> _TASK INSTRUCTIONS_:
Below is a listing; repeat exactly the lines from the one containing "Pochette en tissu" to the one containing "소녀상 너머로 보이는 윤미향 의원의 얼굴", both included.

> _EXTRACTED ENTRIES_:
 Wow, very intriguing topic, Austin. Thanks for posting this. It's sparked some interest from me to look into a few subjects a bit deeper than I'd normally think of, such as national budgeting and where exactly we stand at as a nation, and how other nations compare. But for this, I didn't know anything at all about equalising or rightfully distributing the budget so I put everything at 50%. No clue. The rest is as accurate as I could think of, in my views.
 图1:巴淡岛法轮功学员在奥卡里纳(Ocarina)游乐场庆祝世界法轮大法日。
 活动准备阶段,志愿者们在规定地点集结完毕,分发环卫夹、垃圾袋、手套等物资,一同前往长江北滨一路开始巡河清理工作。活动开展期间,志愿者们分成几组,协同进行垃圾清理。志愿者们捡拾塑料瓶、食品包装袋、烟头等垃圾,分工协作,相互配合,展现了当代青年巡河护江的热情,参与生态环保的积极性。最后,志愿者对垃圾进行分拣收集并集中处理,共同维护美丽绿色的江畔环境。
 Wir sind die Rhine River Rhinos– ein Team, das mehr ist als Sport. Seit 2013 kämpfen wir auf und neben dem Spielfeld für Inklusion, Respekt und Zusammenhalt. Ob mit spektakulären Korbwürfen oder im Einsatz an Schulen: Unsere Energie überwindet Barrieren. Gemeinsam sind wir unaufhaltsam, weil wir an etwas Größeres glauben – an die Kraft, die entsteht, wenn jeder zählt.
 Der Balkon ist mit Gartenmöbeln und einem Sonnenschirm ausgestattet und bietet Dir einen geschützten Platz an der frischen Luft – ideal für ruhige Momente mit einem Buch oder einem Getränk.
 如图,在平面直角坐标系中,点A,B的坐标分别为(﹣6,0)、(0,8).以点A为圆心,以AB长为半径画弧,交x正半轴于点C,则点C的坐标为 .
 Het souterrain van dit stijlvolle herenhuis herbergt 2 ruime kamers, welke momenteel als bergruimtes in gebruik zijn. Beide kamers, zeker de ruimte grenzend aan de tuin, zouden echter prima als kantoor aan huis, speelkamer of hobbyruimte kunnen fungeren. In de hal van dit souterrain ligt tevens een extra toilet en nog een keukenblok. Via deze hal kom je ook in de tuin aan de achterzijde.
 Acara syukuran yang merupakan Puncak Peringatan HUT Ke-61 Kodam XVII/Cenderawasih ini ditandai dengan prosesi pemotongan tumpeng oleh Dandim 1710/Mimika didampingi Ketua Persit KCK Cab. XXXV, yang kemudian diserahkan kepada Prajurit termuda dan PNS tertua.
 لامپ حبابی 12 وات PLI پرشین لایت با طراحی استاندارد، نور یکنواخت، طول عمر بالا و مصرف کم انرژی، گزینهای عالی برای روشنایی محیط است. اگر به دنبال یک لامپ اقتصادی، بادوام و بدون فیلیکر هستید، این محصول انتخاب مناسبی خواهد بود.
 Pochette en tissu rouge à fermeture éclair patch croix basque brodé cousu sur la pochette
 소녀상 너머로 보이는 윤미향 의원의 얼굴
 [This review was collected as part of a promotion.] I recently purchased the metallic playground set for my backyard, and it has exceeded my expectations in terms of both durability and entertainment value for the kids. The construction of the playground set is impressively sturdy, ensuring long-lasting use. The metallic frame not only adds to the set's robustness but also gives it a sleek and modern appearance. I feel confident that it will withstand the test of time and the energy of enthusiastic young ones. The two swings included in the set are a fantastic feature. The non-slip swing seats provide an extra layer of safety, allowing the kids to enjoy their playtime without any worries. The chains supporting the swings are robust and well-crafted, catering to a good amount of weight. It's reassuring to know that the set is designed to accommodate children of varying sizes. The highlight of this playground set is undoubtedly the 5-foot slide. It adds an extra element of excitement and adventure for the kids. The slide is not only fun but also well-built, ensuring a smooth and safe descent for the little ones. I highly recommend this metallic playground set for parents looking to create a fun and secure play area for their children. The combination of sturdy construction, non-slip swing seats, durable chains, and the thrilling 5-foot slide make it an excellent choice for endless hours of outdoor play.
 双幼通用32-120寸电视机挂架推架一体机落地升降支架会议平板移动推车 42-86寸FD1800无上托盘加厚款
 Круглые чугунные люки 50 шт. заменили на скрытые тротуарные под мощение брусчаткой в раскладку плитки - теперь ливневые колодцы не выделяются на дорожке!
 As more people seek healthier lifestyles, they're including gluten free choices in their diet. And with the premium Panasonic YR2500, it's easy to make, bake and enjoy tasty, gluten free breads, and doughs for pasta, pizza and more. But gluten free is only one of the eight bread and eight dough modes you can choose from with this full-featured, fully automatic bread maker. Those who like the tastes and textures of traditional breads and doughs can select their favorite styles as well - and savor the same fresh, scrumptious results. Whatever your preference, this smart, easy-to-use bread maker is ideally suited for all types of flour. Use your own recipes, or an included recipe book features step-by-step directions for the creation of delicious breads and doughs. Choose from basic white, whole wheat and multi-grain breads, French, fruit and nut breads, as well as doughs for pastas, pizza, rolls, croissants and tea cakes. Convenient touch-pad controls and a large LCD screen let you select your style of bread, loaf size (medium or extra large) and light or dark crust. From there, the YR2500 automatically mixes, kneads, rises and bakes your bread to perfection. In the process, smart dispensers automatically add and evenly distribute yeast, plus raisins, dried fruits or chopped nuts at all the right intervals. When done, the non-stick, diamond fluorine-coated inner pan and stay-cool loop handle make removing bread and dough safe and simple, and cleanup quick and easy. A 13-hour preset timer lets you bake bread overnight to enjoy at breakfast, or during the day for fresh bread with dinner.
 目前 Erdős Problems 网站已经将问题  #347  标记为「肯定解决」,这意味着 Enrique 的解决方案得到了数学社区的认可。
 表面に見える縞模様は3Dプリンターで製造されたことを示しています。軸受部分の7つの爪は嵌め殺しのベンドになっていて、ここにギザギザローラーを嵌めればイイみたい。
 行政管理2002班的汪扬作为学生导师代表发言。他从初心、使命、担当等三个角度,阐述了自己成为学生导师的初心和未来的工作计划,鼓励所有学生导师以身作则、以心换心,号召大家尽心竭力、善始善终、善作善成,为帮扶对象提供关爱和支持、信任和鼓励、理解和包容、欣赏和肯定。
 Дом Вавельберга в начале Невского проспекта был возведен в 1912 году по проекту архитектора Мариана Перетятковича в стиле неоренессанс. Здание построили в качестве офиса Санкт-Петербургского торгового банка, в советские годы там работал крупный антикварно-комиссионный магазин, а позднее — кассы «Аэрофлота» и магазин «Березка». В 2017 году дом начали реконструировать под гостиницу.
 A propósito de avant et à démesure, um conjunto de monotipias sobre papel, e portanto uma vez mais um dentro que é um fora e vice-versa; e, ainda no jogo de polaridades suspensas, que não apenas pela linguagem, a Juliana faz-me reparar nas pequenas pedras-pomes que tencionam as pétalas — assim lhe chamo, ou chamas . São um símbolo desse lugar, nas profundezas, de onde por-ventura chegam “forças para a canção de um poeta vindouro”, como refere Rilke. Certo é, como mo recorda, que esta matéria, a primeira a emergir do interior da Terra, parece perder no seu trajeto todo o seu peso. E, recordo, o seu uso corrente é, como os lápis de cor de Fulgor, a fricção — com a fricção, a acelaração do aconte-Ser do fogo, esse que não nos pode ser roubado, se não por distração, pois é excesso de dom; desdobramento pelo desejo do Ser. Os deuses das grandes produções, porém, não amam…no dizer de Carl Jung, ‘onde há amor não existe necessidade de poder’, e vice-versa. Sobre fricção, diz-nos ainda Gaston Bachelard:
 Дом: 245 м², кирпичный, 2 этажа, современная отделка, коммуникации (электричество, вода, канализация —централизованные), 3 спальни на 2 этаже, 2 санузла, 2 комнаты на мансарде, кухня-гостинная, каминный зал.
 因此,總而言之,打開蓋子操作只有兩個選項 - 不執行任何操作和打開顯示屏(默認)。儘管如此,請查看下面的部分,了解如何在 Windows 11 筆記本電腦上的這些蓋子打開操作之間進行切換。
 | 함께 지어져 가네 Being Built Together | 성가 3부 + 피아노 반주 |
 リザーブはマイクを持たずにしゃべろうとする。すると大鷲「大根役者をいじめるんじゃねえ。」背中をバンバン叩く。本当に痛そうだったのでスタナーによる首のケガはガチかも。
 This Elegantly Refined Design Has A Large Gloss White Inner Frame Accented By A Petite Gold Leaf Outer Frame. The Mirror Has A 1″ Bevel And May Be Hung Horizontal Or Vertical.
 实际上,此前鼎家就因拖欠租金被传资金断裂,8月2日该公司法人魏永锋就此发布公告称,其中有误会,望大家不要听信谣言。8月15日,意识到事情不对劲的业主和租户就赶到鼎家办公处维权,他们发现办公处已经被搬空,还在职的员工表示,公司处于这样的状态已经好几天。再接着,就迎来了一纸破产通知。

> _ANSWER SPACE_:
 Pochette en tissu rouge à fermeture éclair patch croix basque brodé cousu sur la pochette
 소녀상 너머로 보이는 윤미향 의원의 얼굴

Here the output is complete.